繊細で綺麗な指先が、奏でる音が好きだった。
人に希望を与え、生きる活力を与え、求められる存在である母が誇りだった。
母の笑顔に無邪気に応えた当時の私は、知る由もなかったんだ。
誰かにとっての太陽であること。
それがいかに難しいことであるか……―――。
―――………
―――……
――……
「陽愛ー! 朝だよー!」
長い夢を見ていた、気がする。
同室であった親友が、教室のカーテンを開けながら声をかけてくれた気配で目が覚めた。
カーテンレールを走る音、差し込む光。普段ならば一人で感じる刺激を、今日は人と共有している。それが久しぶりで、ここが学校であることがより不思議な感覚にさせられた。

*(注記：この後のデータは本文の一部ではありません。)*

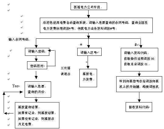 。。當(dāng)用戶得知需要繳納電費(fèi)時,可撥打電力公司查詢熱線,聽到問候語后輸入合同號碼,系統(tǒng)即可自動播放用戶查詢月份的電費(fèi)發(fā)生情況。
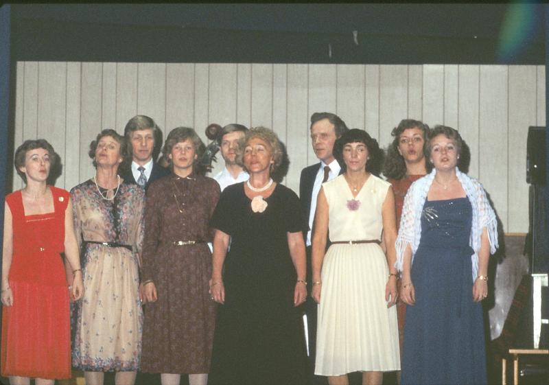 Fra 90 års jubileumsfesten med revy Fra venstre: Turid Skjeldrum, Ella Hindhamar, Knut Ole Røed, Marit Holmen, Jan Elgvang, Inger Hyllseth, Karl Johan Knudsen, Inger Juel Hoven, Halldis Christiansen, Randi Engen
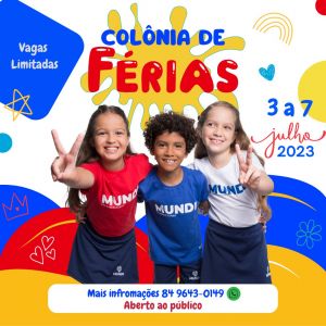 As vagas são limitadas e abertas ao público em geral. Para obter mais informações sobre as atividades, inscrições e valores, basta entrar em contato através do WhatsApp no número 84 9.9643-0149, ou diretamente na tesouraria da escola. A equipe do Mundi está pronta para esclarecer as dúvidas e ajudar a proporcionar um momento especial para as crianças.
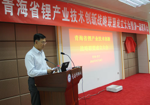 青海省鋰產(chǎn)業(yè)技術(shù)創(chuàng)新戰(zhàn)略聯(lián)盟成立大會上,青海鹽湖所主持工作的副所長段東平代表鋰聯(lián)盟籌備組匯報了聯(lián)盟成立背景及籌備工作情況,青海省科技廳副廳長張超遠宣讀了成立青海省鋰產(chǎn)業(yè)技術(shù)創(chuàng)新戰(zhàn)略聯(lián)盟的文件,并與青海省質(zhì)量技術(shù)監(jiān)督局副局長王穎鳴共同為青海省鋰產(chǎn)業(yè)技術(shù)創(chuàng)新戰(zhàn)略聯(lián)盟揭牌。
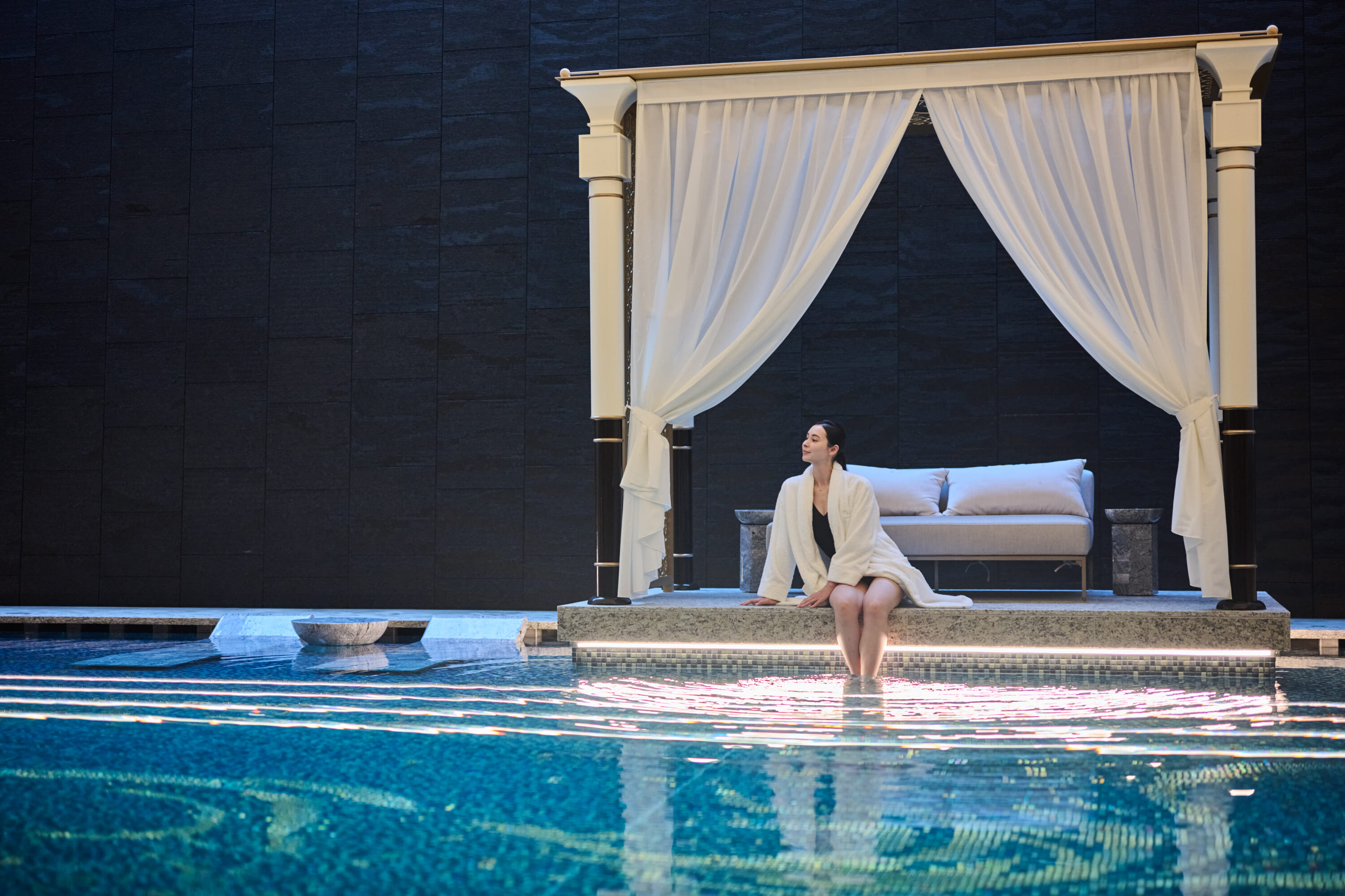 The spa’s treatment menu draws on traditional healing methods and unique techniques as well as seasonal Japanese herbs, with restorative therapies designed to melt tension and renew the senses. Guests can slip into the shimmering mosaic-tiled pool or stretch out on the cabana-style daybeds by the water, enjoy a workout in the expansive state-of-the-art gym or unwind in the beautifully illuminated natural hot spring baths and saunas.
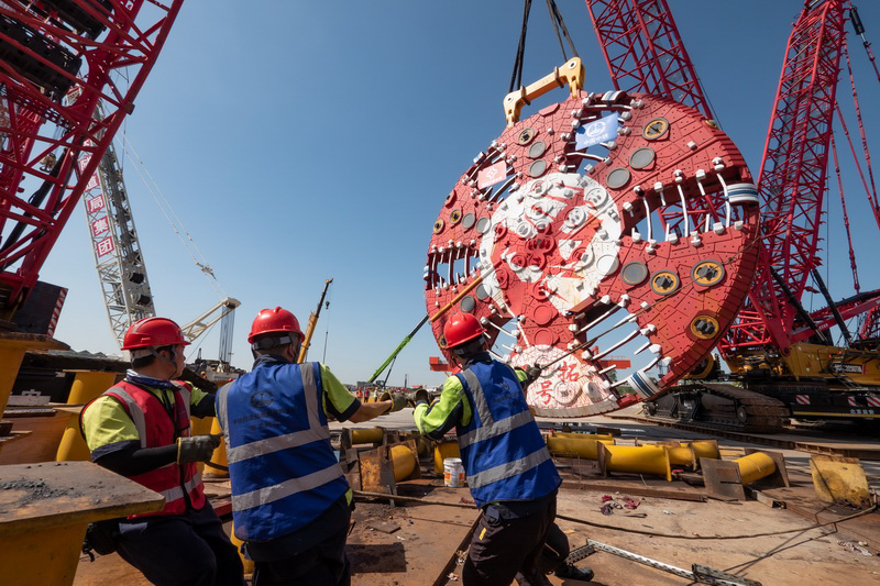 李建束12珠海隧道盾构机刀盘下井+鹤洲北
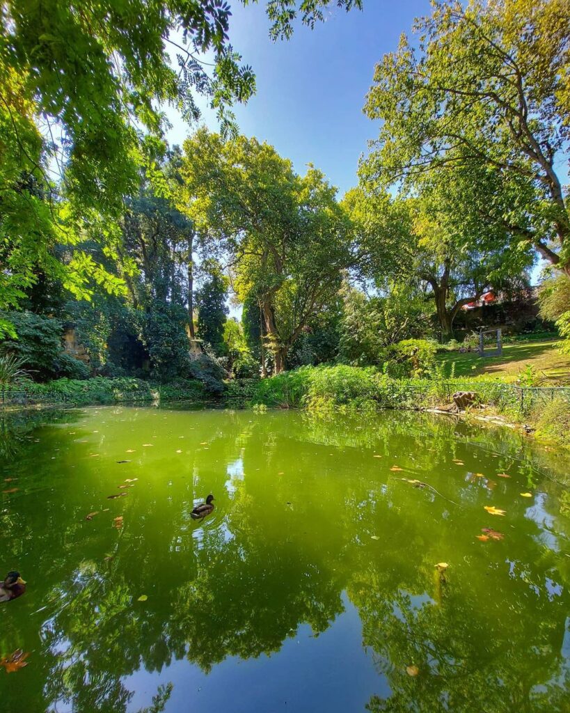 Pode encontrar também mesas e assentos, bem como um amplo espaço relvado. O local é bastante silencioso e convida à contemplação da natureza, num ambiente que nos faz esquecer que estamos numa cidade.
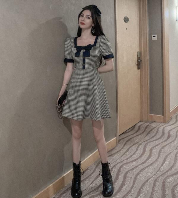 春夏新作 女 レディース ハイウエスト 半袖 チェック柄 ミニ ワンピース ドレス 台型スカート S-2XLGYTRMZ369851013
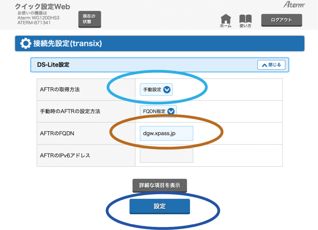 で、接続先設定の画面で、水色の丸「AFTRの取得方法」を「手動設定」にして、茶色の丸「AFTRのFQDN」に、「dgw.xpass.jp」と打ち込んで、最後に青丸の「設定」をクリック。
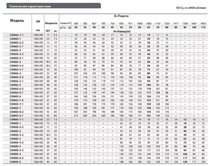Насосы серии CDM/CDMF - вертикальные, многоступенчатые, центробежные, повысительные, оснащены двигателем YE3. Входной и выходной патрубки находятся на одной оси. Насосы могут изготавливаться из стали AISI 304, AISI 316 и чугуна.
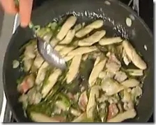 Ingredienti e procedimento della ricetta fusilli freschi con asparagi selvatici e triglie preparata da Mauro Improta alla Prova del Cuoco.
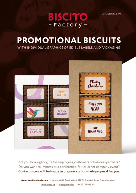 We can print your logo or any other graphic on the biscuits, making them original promotional gifts for everyone – a great way to say thank you or strengthen relationships.
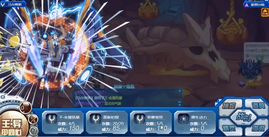 马尔修斯可是游戏中机械系的精灵王,它拥有着独特且强大的三种形态,先来说说它的毁灭形态,当马尔修斯进入毁灭形态时,会有一门神龙巨炮,这门巨炮它能够巧妙地将周围的空气粒子化,然后使这些粒子在对撞加速场中发生剧烈反应,接着是它的防御形态,当马尔修斯切换到这个形态时,它身后会浮现出一面由宇宙中一种未知的陨石块组成的坚壁圆盾。
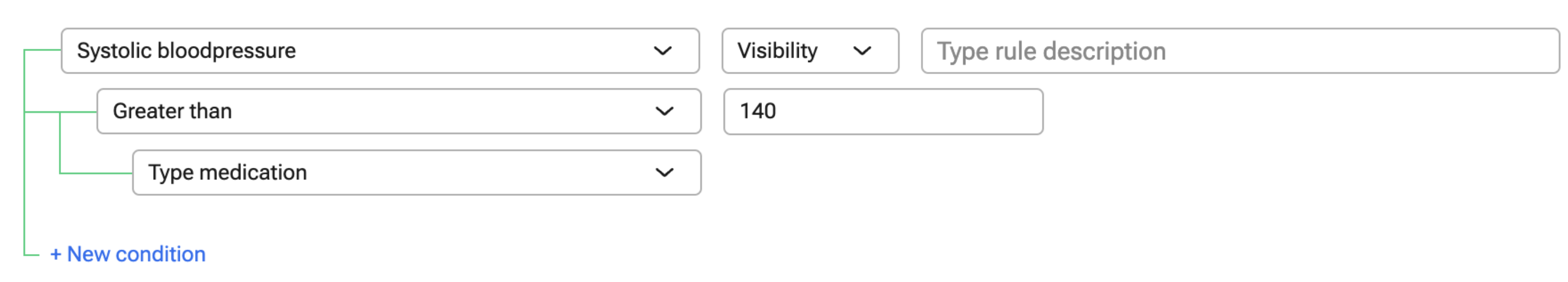 You can also use a numeric variable as an initiating variable. For example, suppose the initiating variable is “Systolic blood pressure” and the dependent variable is “Type of antihypertensive medication”. In that case, the latter should only be shown if the systolic blood pressure is higher than 140 mmHg.
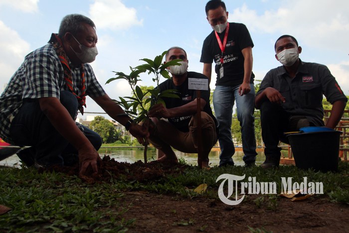 TRIBUN-MEDAN.COM - Kadis Kebersihan dan Pertamanan Kota Medan M Husni bersama rombongan menyisir danau untuk mencari lokasi penanaman pohon bertepatan Hari Lingkungan Hidup Sedunia di Taman Cadika Pramuka, Medan, Sabtu (5/6/2021). Memperingati Hari Lingkungan Hidup Sedunia PFI Medan dan Pemerintah Kota Medan dan pihak terkait menyelenggarakan kegiatan tanam pohon.
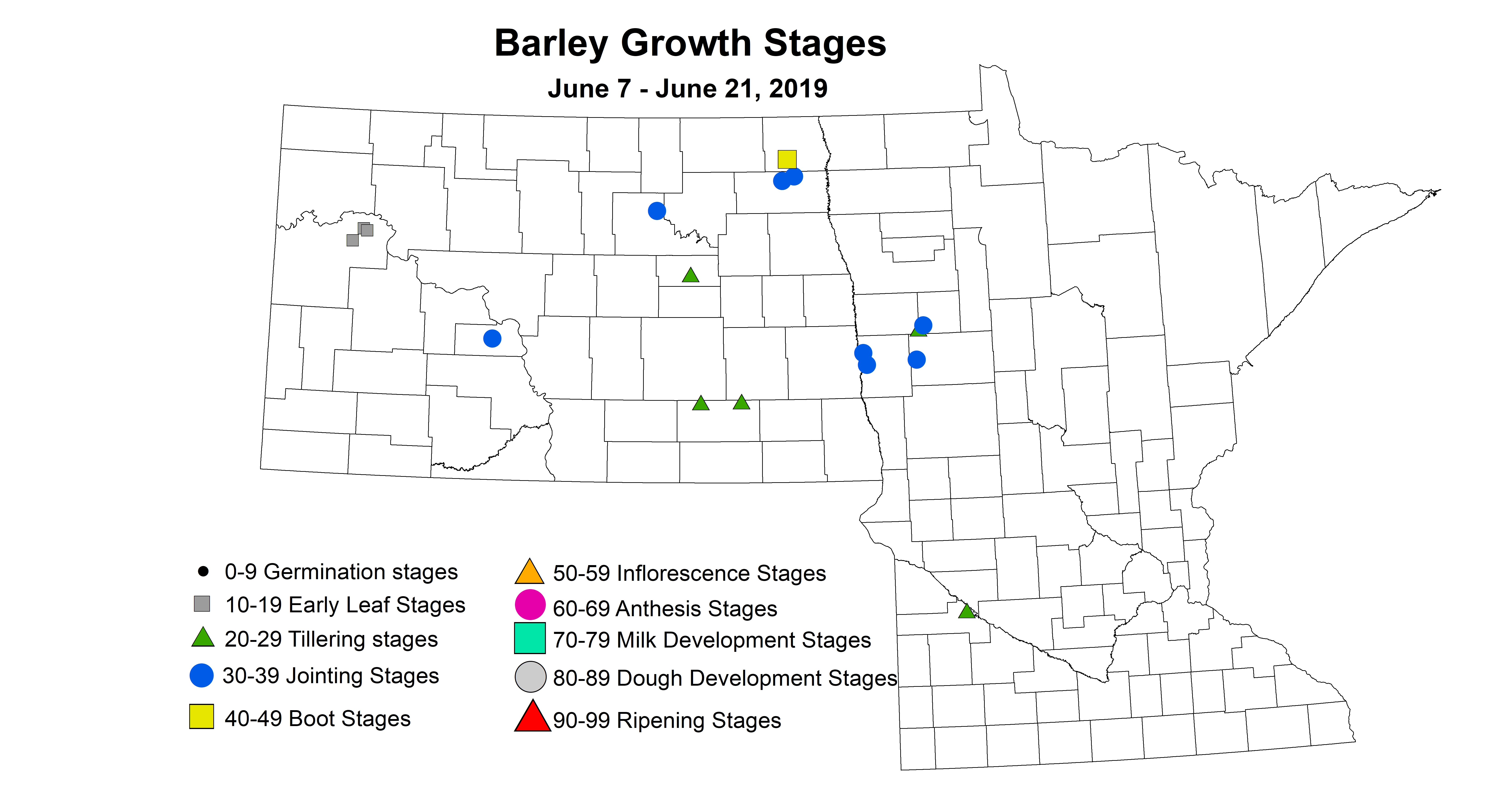 | Barley | 5/31-6/8 | 5/31-6/14 | 6/7-6/21 | 6/14-6/28 | 6/21-7/5 | 6/28-7/12 | 7/5-7/19 | 7/12-7/26 | 7/19-8/2 | season |
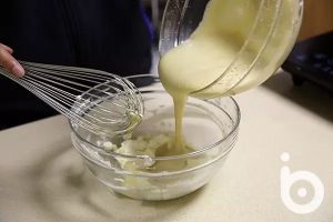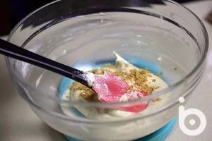 加热好的吉利丁溶液倒入糊糊中搅拌均匀
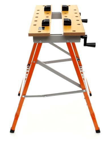 Wysokiej jakości stół warsztatowy (rzemieślniczy). Konstrukcja stołu umożliwia dopasowanie położenia blatu roboczego oraz jego szerokości do kształtu przedmiotu który chcemy w nim umieścić. Dodatkowo blat wyposażony został w przekładane szczęki zaciskowe umożliwiające mocowanie na stole przedmiotów o różnych kształtach. Regulacji stołu dokonuje sie za pomocą pokręteł umieszczonych po jego prawej i lewej stronie.
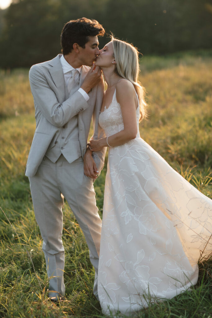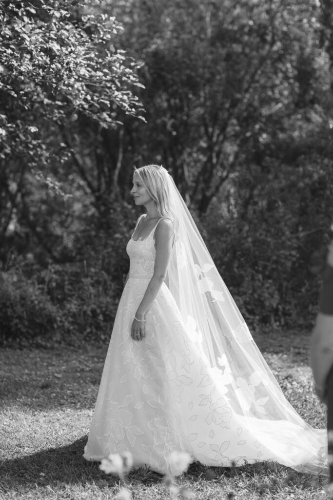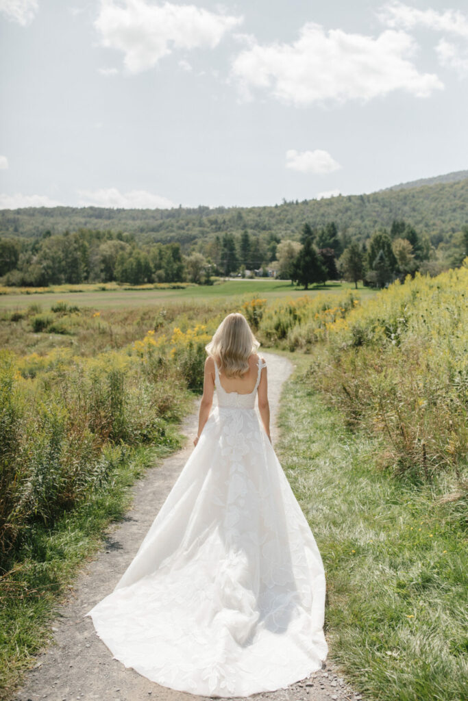 The bodice flows naturally into a lightweight A-line skirt, creating a silhouette that’s as comfortable as it is enchanting. Airy in construction and full of movement, the gown is perfect for brides who want to feel ethereal yet unrestrained.
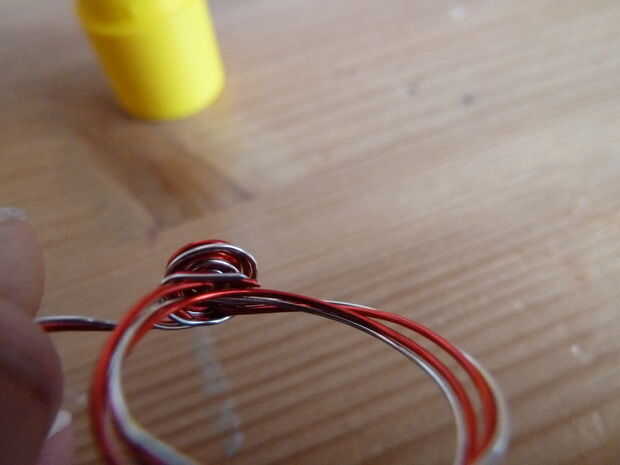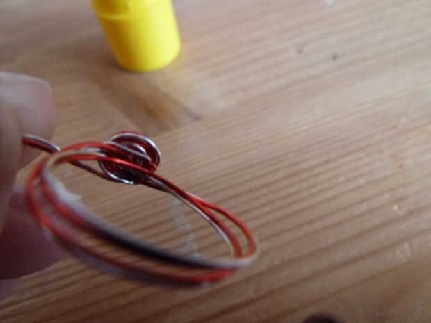 Se puede trabajar el cable lejos de 1. envuelve por debajo el círculo y corte de o 2. envolviéndolos alrededor del anillo. Estos son los dos teqniques que utiliza para los dos anillos que se muestra, la primera para el anillo del color, el segundo para el anillo de color plateado.
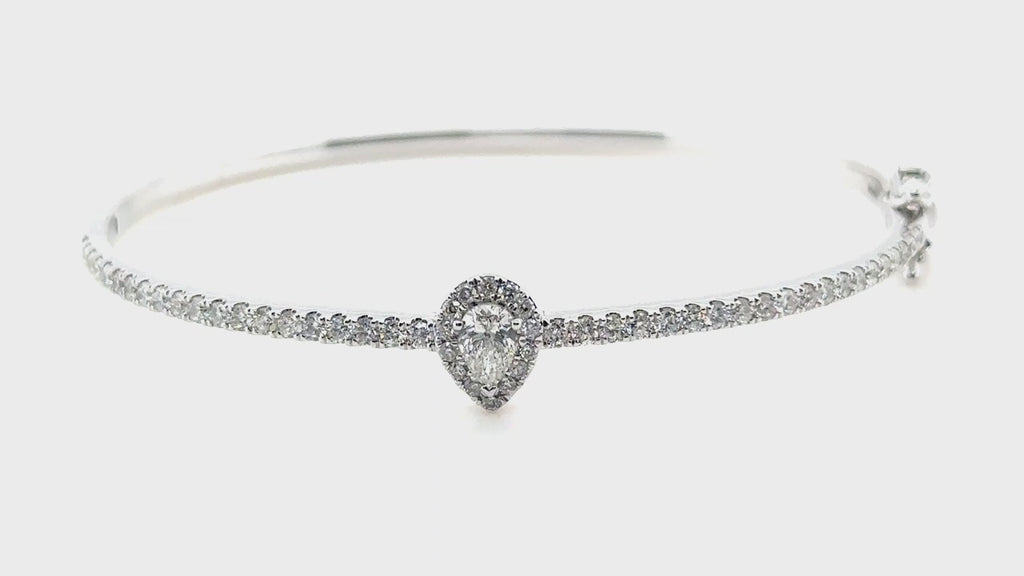 Diamond Halo Pear Bangle 1.55ct G/SI Quality Diamonds in 18k White Gold
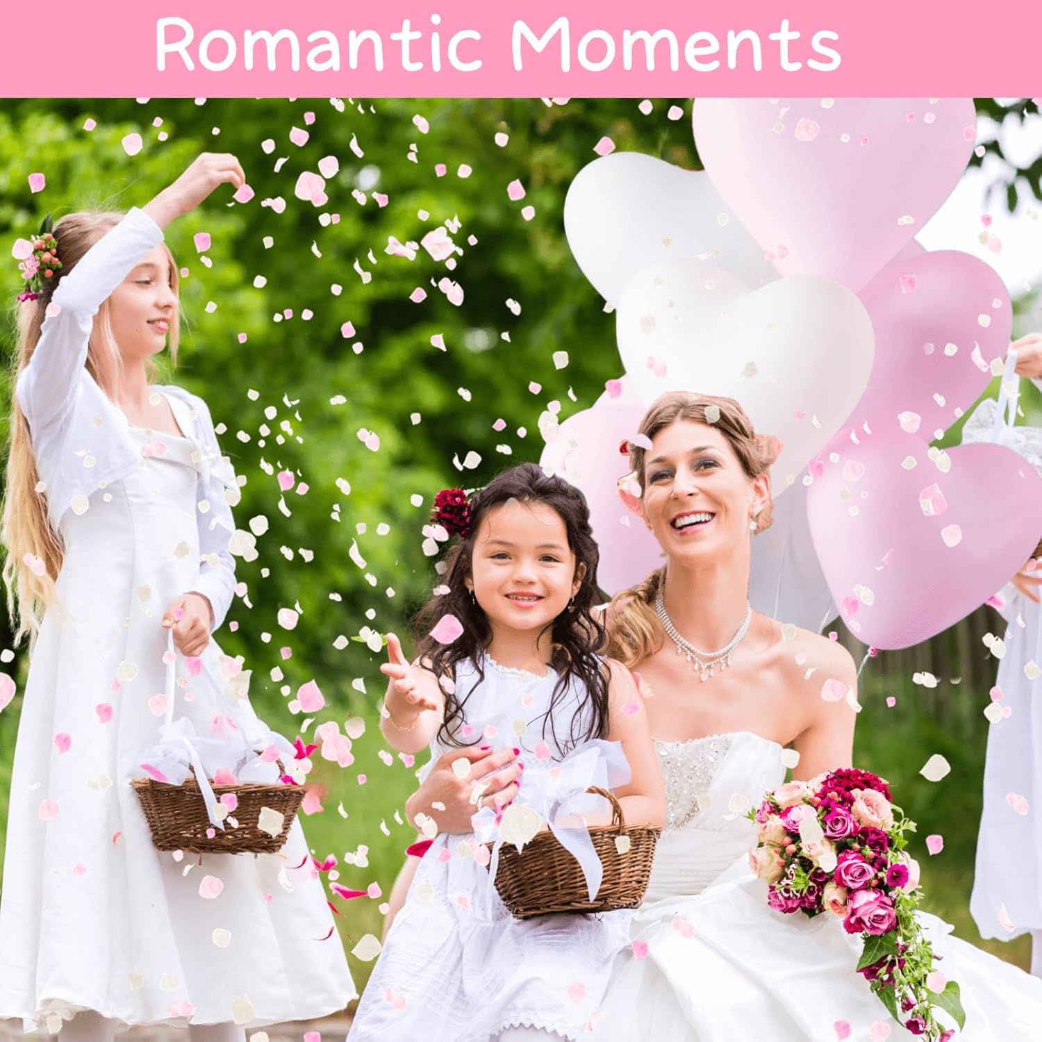 • Colorful Colors:Each pack of petals weighs about 30 grams and contains about 1500+ pieces of flower paper petals. There are two colors for you to choose from: pink & white and lime & white

「昨日カレー作ってる間に寝ちゃってたでしょ! 声かけても全然起きないからびっくりしたよ」
「あー……寝落ちてたかも」
「もお。全部食べられちゃったよ。せっかく美味しく作れたのに」
片頬を膨らませている彼女を見つめながら、ぼんやりと愛らしい容姿だなぁ。と思った。
思考能力が落ちてるからこそ言わなかったけれど。
「顔色もいいね。頭を打った翌日としては、調子はどう?
「うー……うん。たんこぶになってるから押すと痛いけど、気分は問題ないよ」
「そっか、とりあえずよかった! 朝ごはん行く前にシャワー浴びてきなねー!」
昨日ぶつけたこめかみらへんを押さえながら、私は覇気のない返事をする。あくびがさっきから止まらない。いっぱい寝たはずなのになぁ。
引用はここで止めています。